Frequently Asked Questions
We have made it easier than ever to find answers to your questions in collaborative law.
Collaborative law is a process in which both parties are represented by lawyers trained in collaborative law, but the parties and their attorneys agree, in writing, to attempt to settle the matter without court or even the threat of going to court. They promise to take a reasoned stand on every issue, to work together informally and cooperatively, and to negotiate in good faith. If either party seeks intervention from a court, both lawyers must withdraw from representing their clients. All parties involved therefore have a stake in seeing the process through if possible to do so.

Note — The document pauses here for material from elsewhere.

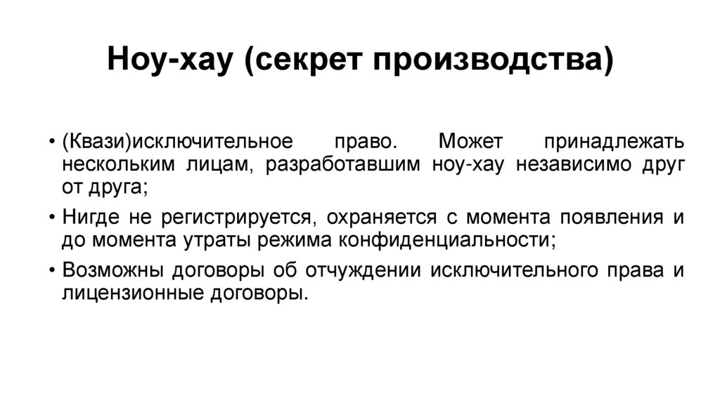 Ноу-хау (секрет производства)• (Квази)исключительное
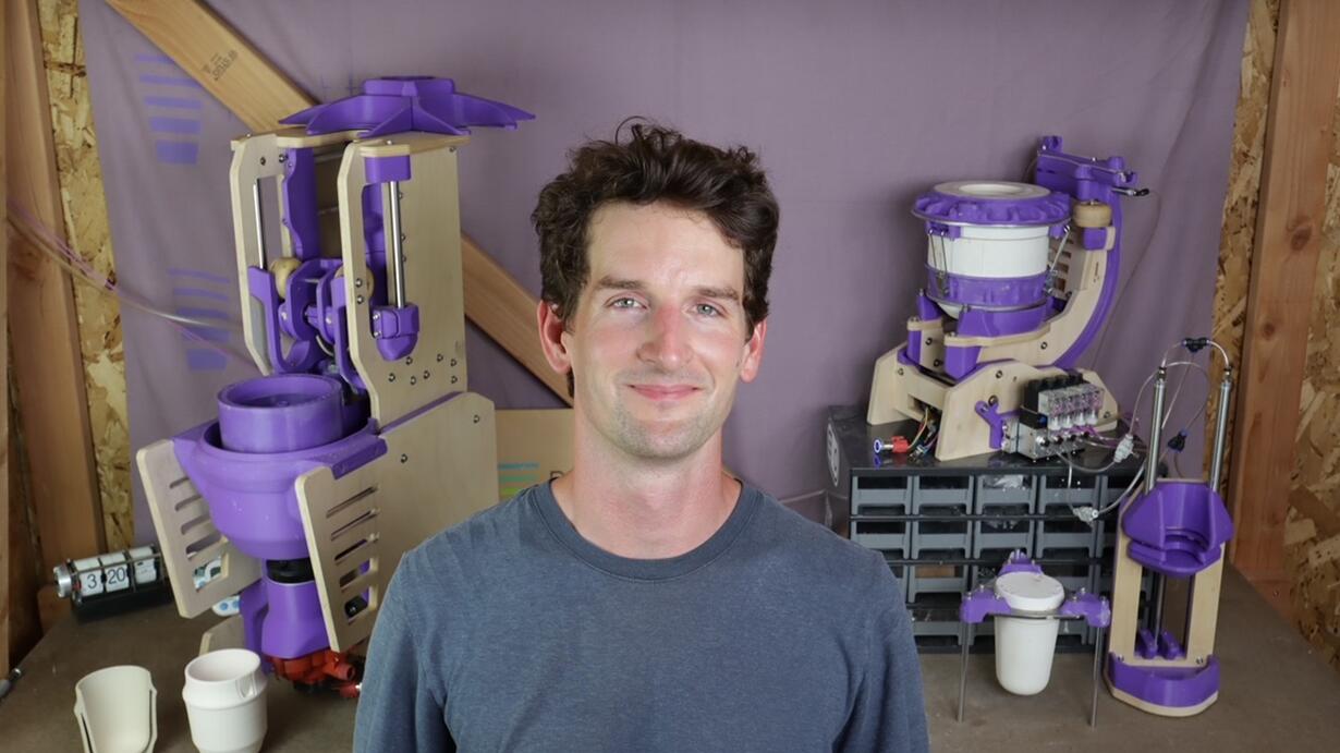 Chris Pratt is a mechanical engineer who makes double walled ceramic mugs. After being laid off during Covid Chris started designing and making plaster molds for slip casting. Over the past few years Chris has refined his process with automated casting and glazing machines.

Collaborative law allows parties to negotiate with a lawyer at their side, enjoying the benefit of a lawyer’s knowledge and expertise, but without the imminent risk of the case proceeding to court and the parties thus losing control over the outcome. The downside of this approach is that, if negotiations fail, the parties will be back to “square one”, and will have to deal with additional delays, and be put to the additional expense of hiring new counsel. The upside is that those potential costs provide a powerful incentive for the lawyers and clients to negotiate productively.

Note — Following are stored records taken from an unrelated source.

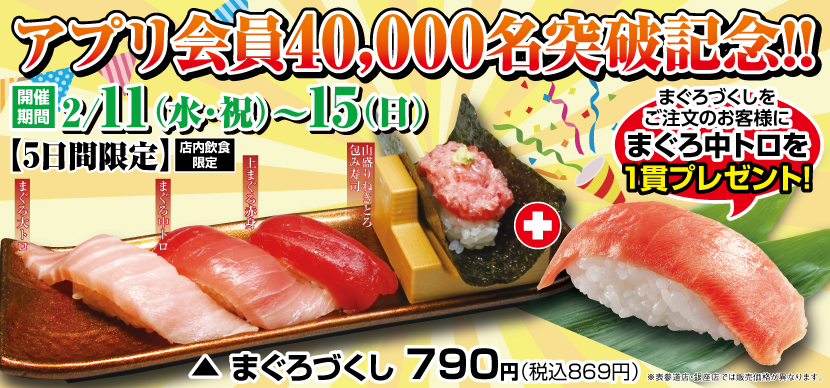 平禄寿司公式アプリ登録者数40,000人突破を記念いたしまして、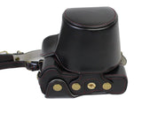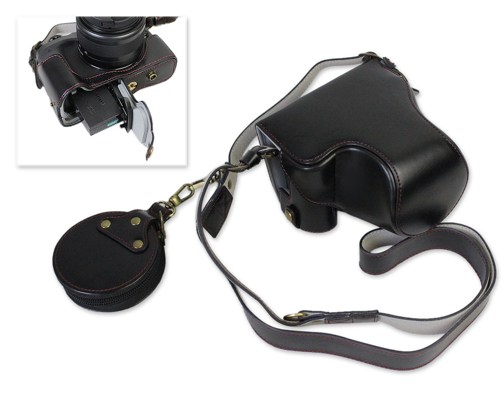 This Bottom Opening Canon EOS M6 Camera Leather Case is specially designed for Canon EOS M6 cameras with 15-45mm lens. The bottom of case can be open to replace battery or connect to computer. A tripod socket is added at the bottom of case, tripods can be used without removing the case. A camera strap included for carrying this case..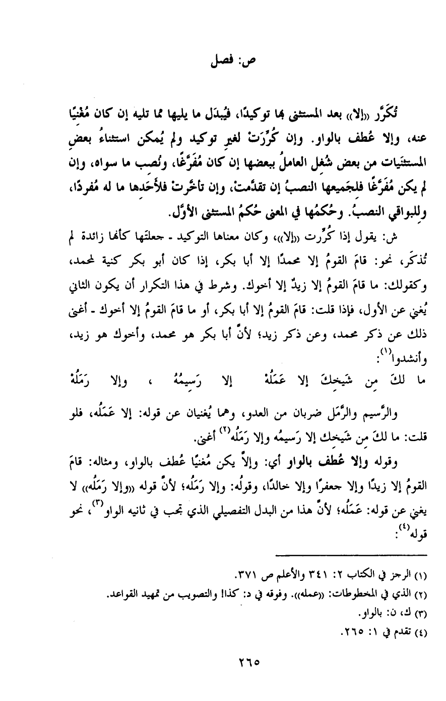 ش: يقول إذا كررت "إلا", وكان معناها التوكيد - جعلتها كأنها زائدة لم تذكر, نحو: قام القوم إلا محمدًا إلا أبا بكر, إذا كان أبو بكر كنية لمحمد, وكقولك: ما قام القوم إلا زيد إلا أخوك, وشرط في هذا التكرار أن يكون الثاني يغني عن الأول, فإذا قلت: قام القوم إلا أبا بكر, أو ما قام القوم إلا أخوك - أغنى ذلك عن ذكر محمد, وعن ذكر زيد؛ لأن أبا بكر هو محمد, وأخوك هو زيد, وأنشدوا: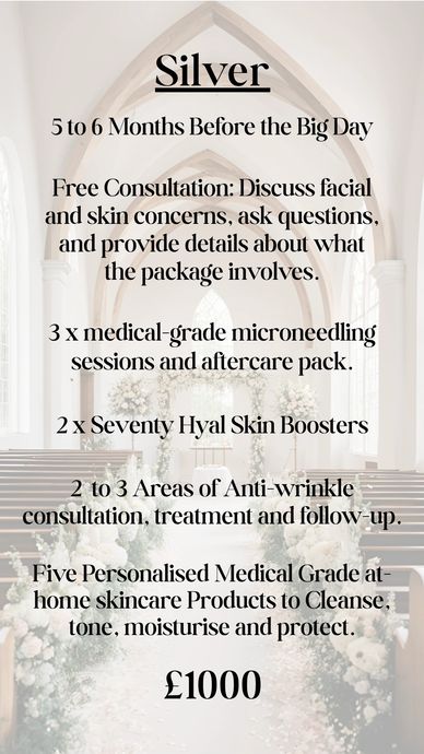 The Silver Package offers a beautifully balanced approach to pre-wedding skin prep, combining results-driven treatments with subtle enhancement. This package includes microneedling to refine texture and boost collagen, along with the Seventy Hyal skin booster for deep hydration and a healthy, dewy glow. Anti-wrinkle injections are also included to soften fine lines and create a refreshed, smooth appearance. Ideal for brides seeking a natural yet noticeable radiance, the Silver Package ensures your skin looks radiant and confident — ready for every close-up on your special day.

On average, collaborative law cases tend to be less expensive for both parties than cases handled without collaborative law. This is particularly true when collaborative law is compared to cases resolved in court. However, each case is different and must be assessed independently.

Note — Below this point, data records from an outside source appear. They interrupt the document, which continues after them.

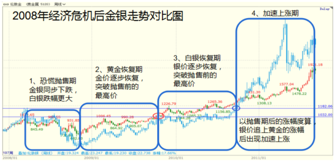 2008年国际金融危机之后,国际黄金价格出现一轮恐慌性下跌,同期白银价格跌幅更深;随着各国经济刺激政策的出台,在投资市场一个主要表现即为黄金价格较长时期的持续上涨,在这个上涨的过程中,我们通过通过金银走势对比分析,划分为以下几个阶段。如图所示,金价恢复期、银价恢复期和加速上涨期。
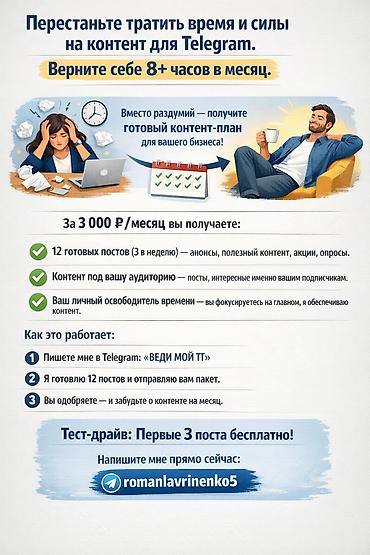 Перестаньте тратить время и силы на контент для Telegram. Верните себе 8+ часов в месяц.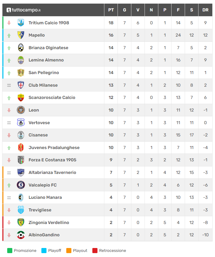 Di seguito viene proposta la graduatoria del girone B di Eccellenza lombarda dopo sette giornate di campionato: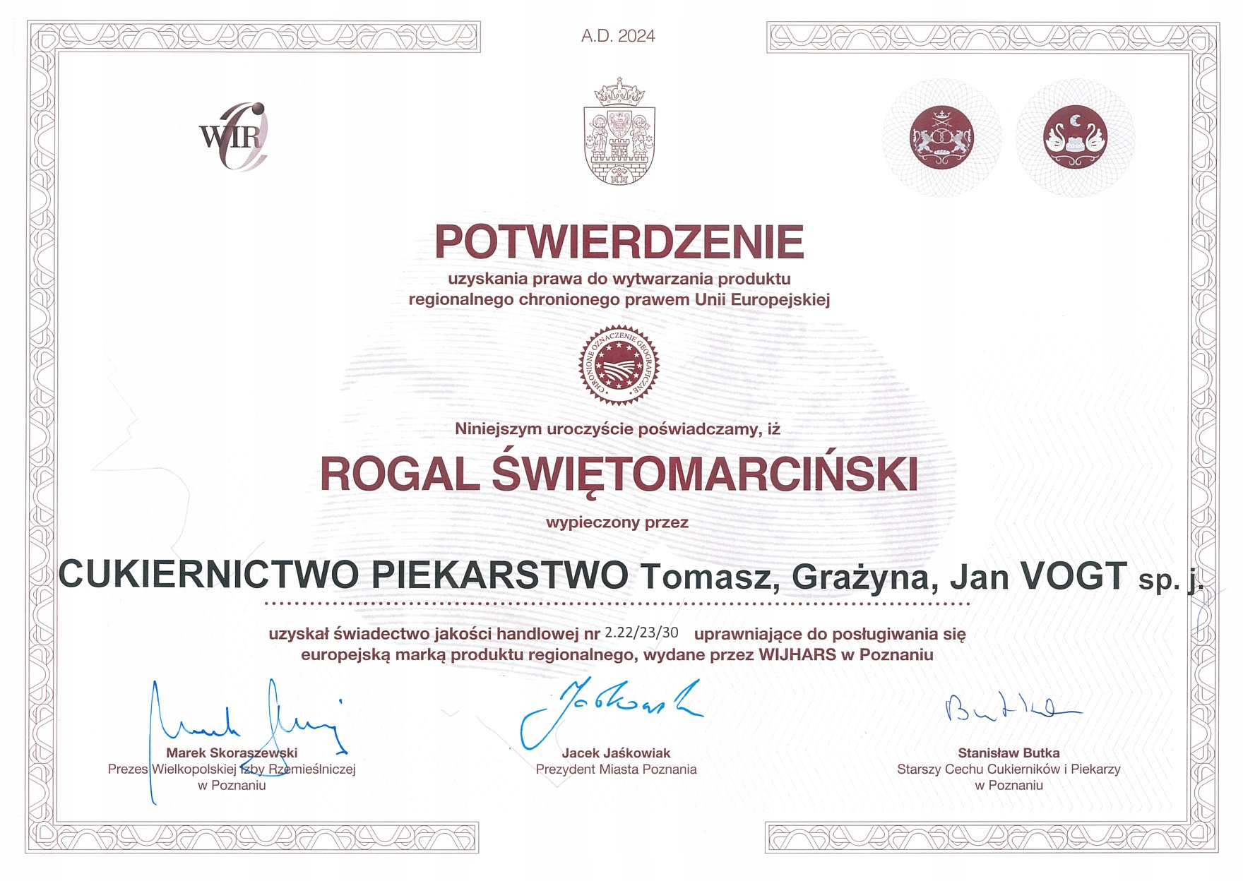 Our croissants are Створений у авторитетній кондитерській фонді в Ковалево, який має сертифікат глави Познань -świętomarciński Rogal. Кожен круасан відповідає стандартам найвищої якості, під наглядом провінційної інспекції комерційної якості сільськогосподарських та харчових виробів. Завдяки цьому, наші круасани мають престижне захищене географічне позначення, що підтверджує їх унікальність та дотримання традиційних рецептів.

In a collaborative law process, each party’s lawyer has an absolute duty to represent his or her client’s interests. There is no difference in the ethical obligations to which your lawyer is bound, whether or not they represent you collaboratively or in litigation. What is different about collaborative law, however, is that the lawyers involved take responsibility for advancing their client’s interests in settlement, and commit their focus to finding a mutually agreeable solution.
Collaborative law is not appropriate for every case and every situation. Collaboration cannot succeed unless both parties are committed to participating.
Collaborative law is not appropriate for every case (Click here for a comparison of collaborative law with other dispute resolution methods). For a great many cases, however, collaborative law provides a lower-cost, less adversarial, and more expeditious path to resolution.
Children are frequently caught in the middle of separation and divorce. Children often lack a meaningful choice in the disputes of their parents. It is the obligation of parents to decide what is in the best interests of their children when a separation takes place. However, many separated parents have difficulty working together to achieve this goal, though both parents may genuinely believe that they are pursuing that which is in the children’s best interests.
The Collaborative process offers parents a different way to proceed. It allows parents to take charge of the process from the very beginning, with the assistance of a team of lawyers and third-party professionals who are present to assist in crafting a blueprint for the future that is child-focused. By ensuring that both parents involved have an equal voice and an equal role in the creation of this plan, it is far more likely that the plan which is crafted will be accepted and followed by the parents who are then responsible for living by it. These agreements tend to stand the test of time and result in cooperative co-parenting rather than constant post-separation litigation.